When taking photographs using UV light, there are two main ways to do so:
- Reflected UV photography
- UV induced fluorescence
Reflected UV photography involves illuminating a subject directly with UC emitting lamps, or by using strong natural sunlight. A special transmitting filter is usually placed in front of the camera's lens which allows UV light to pass through while absorbing, or blocking out visible and infrared light.
Some common cameras used for this technique include, but are not limited to, the Nikon D70 DLSR. the Nikon D40 DLSR and the Fujifilm FinePix IS Pro DSLR. The former two can perform this function unmodified, while the latter requires the internal UV and IR filters removed first (called a full spectrum conversion).
UV induced fluorescence photography uses the same UB illumination as reflect UV photography except that a glass barrier filter is typically applied on the lens to absorb or block UV light to enable visible radiation to pass through.
Images are created when UV light is absorbed by the subject matter, loses some energy, and is re-emitted (reflected) as longer, lower energy wavelengths of visible light.
How do you take UV photos?
While it might sound complex, taking UV pictures is a pretty simple affair in reality. You just need the right kit, as previously mentioned.
The first thing to decide upon is whether you are going to use analog or digital cameras. Both have their pros and cons but will require different camera setups to achieve the end results.
Digital cameras, for example, enable you to use Live View to compose and frame your shot before taking the picture.
They can also help make focussing easier and stop you from potentially damaging your eyes, too -- but beware of using the camera's viewfinder with a UV-transmitting bandpass filter.
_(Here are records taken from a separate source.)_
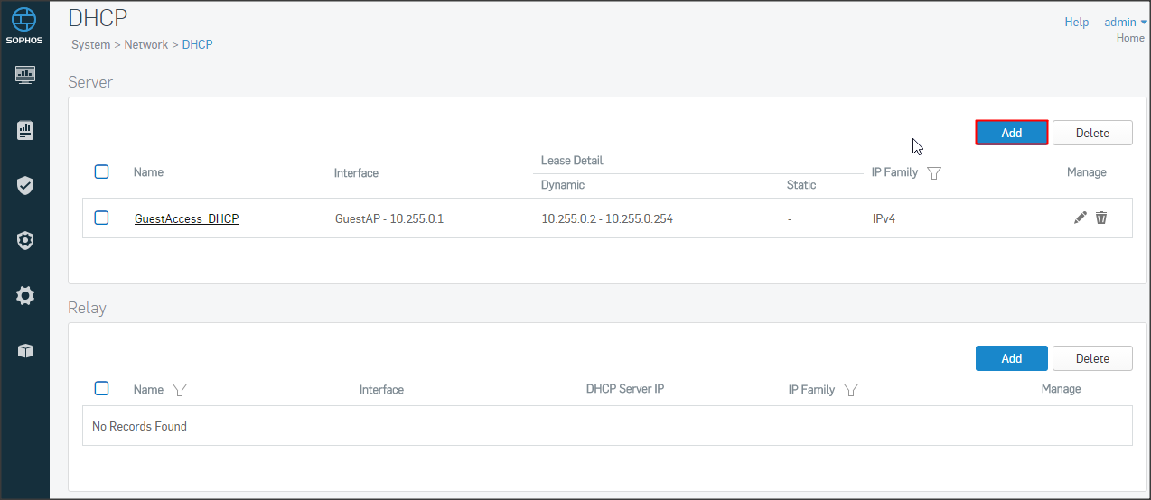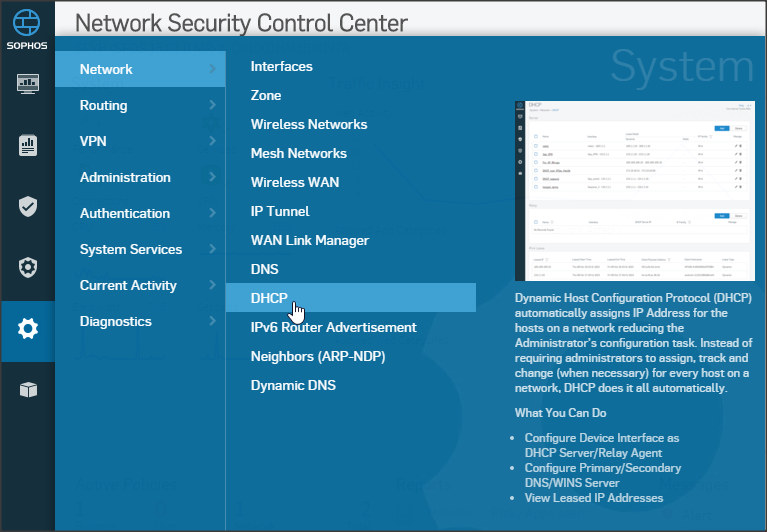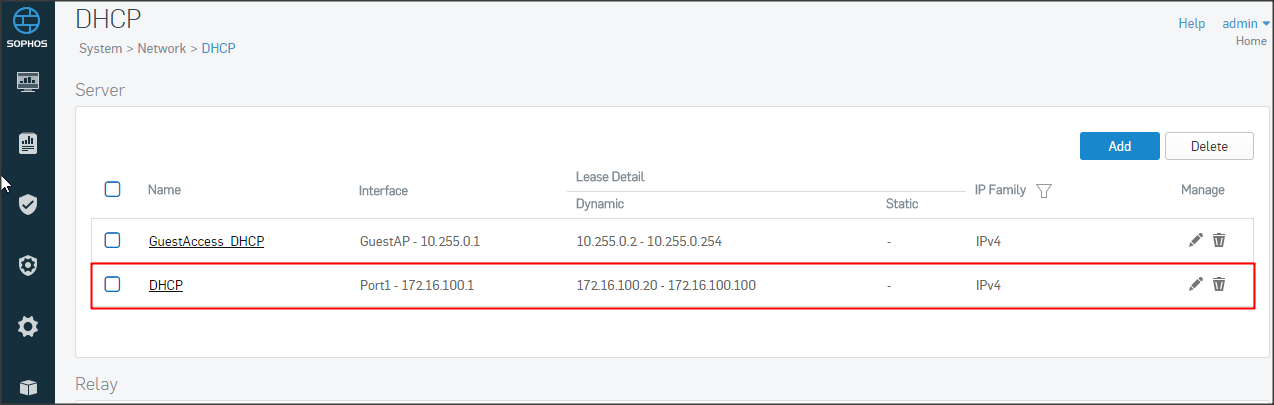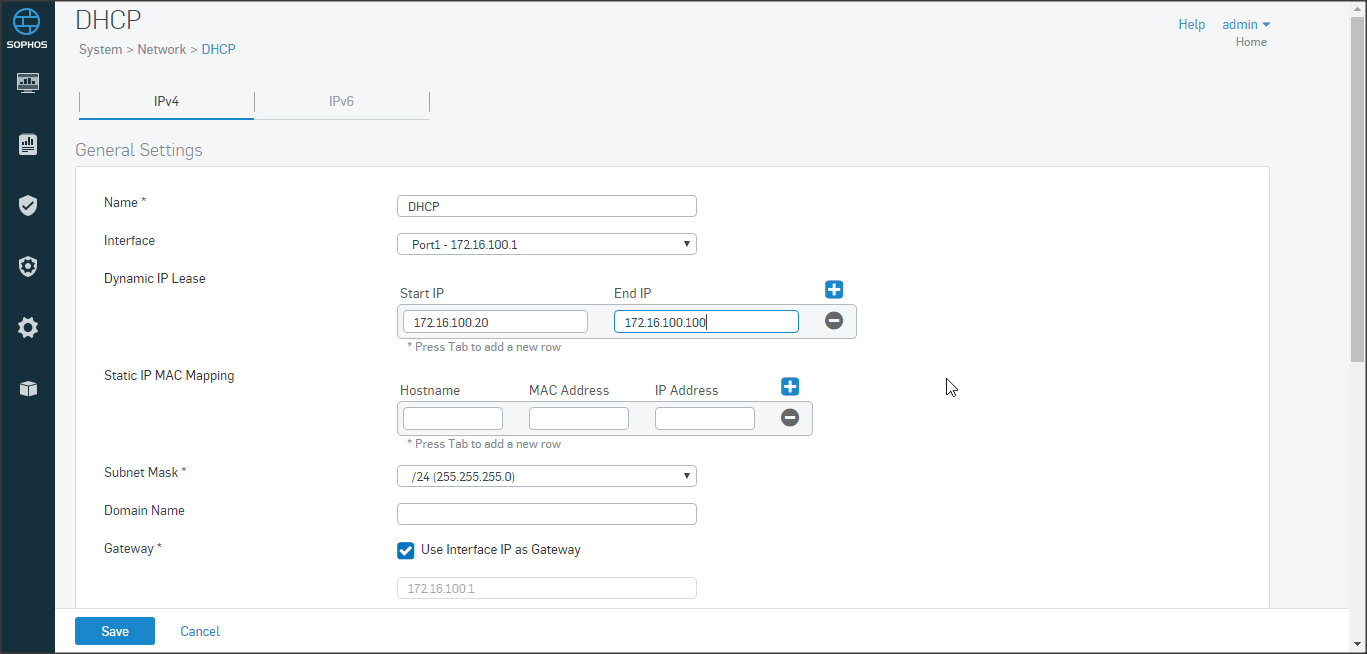 Cấu hình DHCP tại System => Network => DHCP
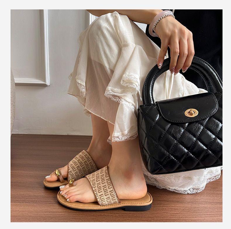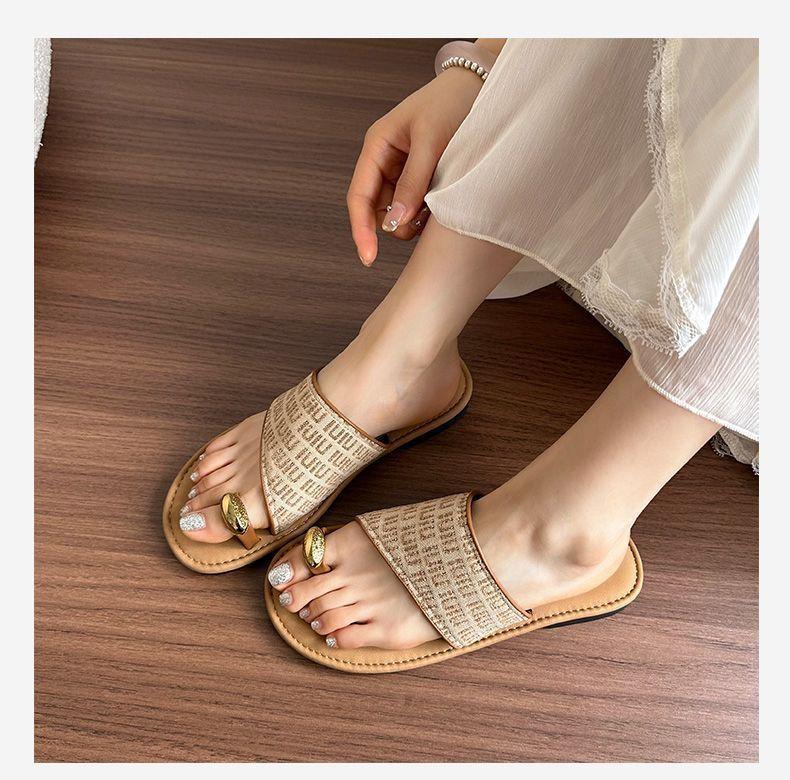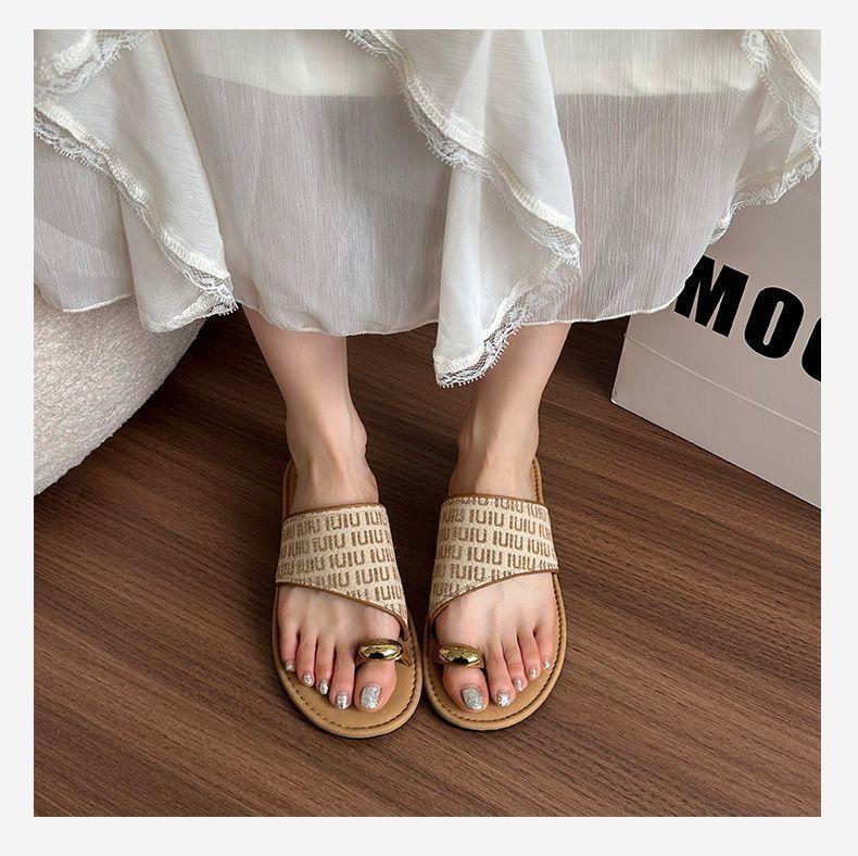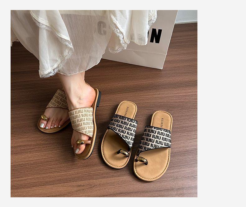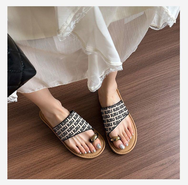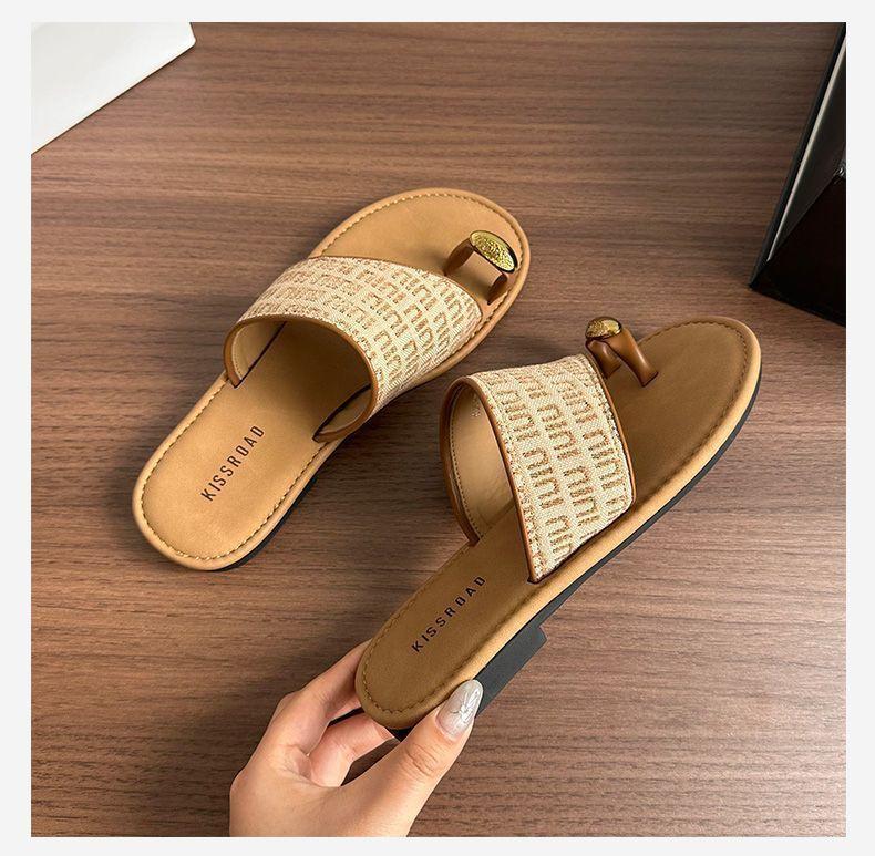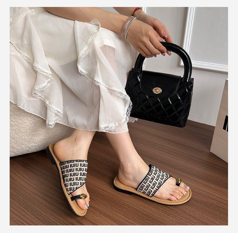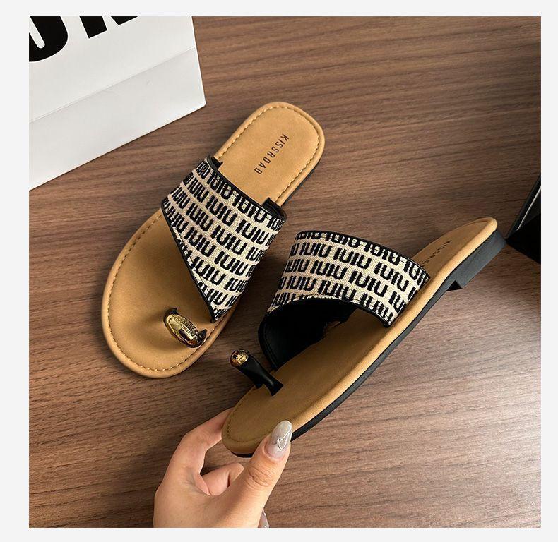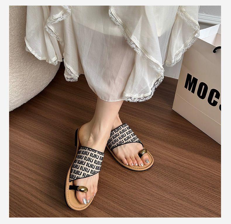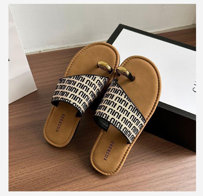 Zapatillas de Moda Retro con Lazo para el Dedo para Mujer 2025 Nuevo Verano para Exterior Estilo Coreano Suela Suave Tacón Plano Sandalias de Playa para Mujer
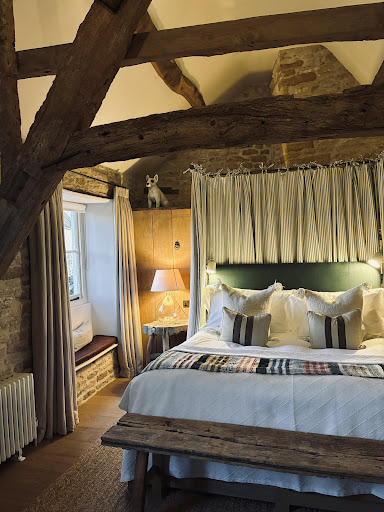 My partner and I recently stayed for 1 night and also dined in the restaurant. Overall, we had a great experience and would highly recommend. We stayed in the Masters room which was BEAUTIFUL and exceeded our expectations. The interior was so perfectly styled and the room was very spacious. Although of course not at all expected, I did think in hindsight that having a small welcome token on arrival (just something little like a welcome drink, baked good from the farm shop etc) may have made it feel extra special, but doesn’t take away from how great the room was. The bed was super comfy and we loved the towels and underfloor heating in the bathroom! When we arrived, the room was a tiny bit cold and although it heated up by the time we returned from dinner, it may have been helpful to pop the heating on a little earlier to ensure it was warm when we arrived. We went downstairs for dinner where we had a cocktail in the bar before going through to the restaurant. Despite it being a Monday night, there was a lovely buzzy atmosphere - it could easily have been a Friday evening. Our food was lovely- we both had steaks for our main course which were well cooked and tasted great. I did ask our server if we might be able to order a sauce for our steak but it eventually turned out this wasn’t possible. I suppose this is fair as there wasn’t a sauce on the menu and maybe the chefs were busy, but I did think that this wouldn’t have taken too much additional effort for the chefs to make. Regardless, it didn’t take away from our enjoyment of the meal overall and we loved the soft serve ice cream for dessert - simple yet delicious. Breakfast was also great and we had a choice of 2 courses from a varied and interesting menu- not just the usual full English which was nice! Staff were friendly and helpful throughout! Overall, a perfect spot for a luxurious yet relaxed break! Would...
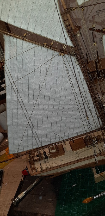 Wykonałem wszystkie odciągi gafla, a zarazem też wszystkie żagle. Teraz tylko buchty :twisted: i bandera.
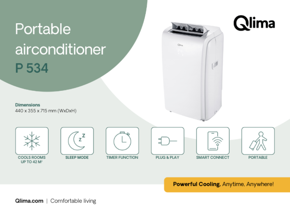 Caractéristiques techniques du climatiseur portable Qlima P534
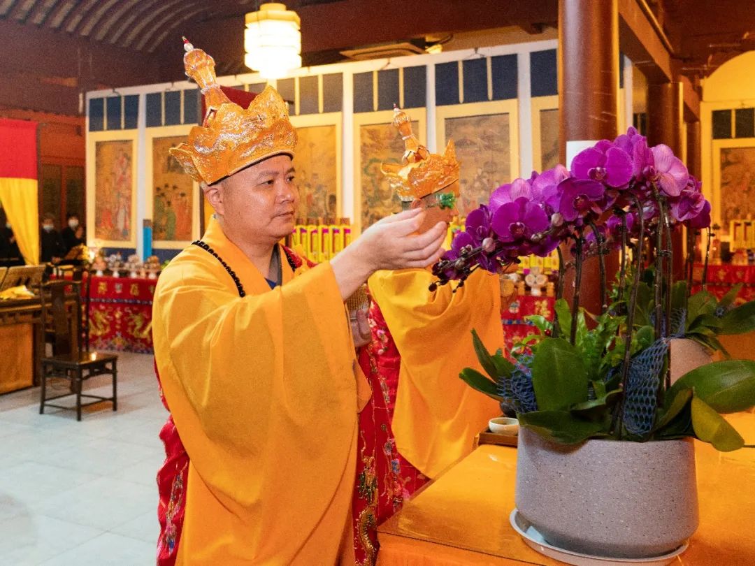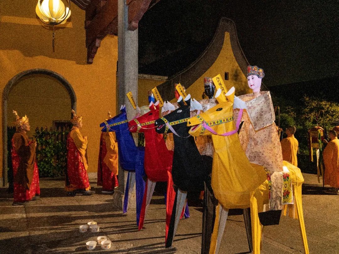 晚上18时,水陆法会第三场瑜伽焰口在直指堂施放。

For analog cameras, UV images need to be captured slightly differently. First, you will need to compose and focus the shot without a filter, then place the filter back in when you have your shot set up.
It is also advisable to use manual focusing when taking UV photographs using an analog camera. This will prevent needing to refocus when the lens is attached.
One of the most important considerations in UV photography is white balance. The first shot needs to be in raw so that the photographer can recover detail and color casts if need be.
Most UV photographers also recommend using a grey card to ensure the correct white balance. This will stop or reduce any color casts that present themselves in your UV photography scene.
When it comes to light sources, natural sunlight is usually more than enough as a source of UV radiation. However, glass, to some extent, can filter out UV light.
And that, ladies and gentlemen, is a wrap.
So, now you know how a UV camera works, are you tempted to give it a go yourself?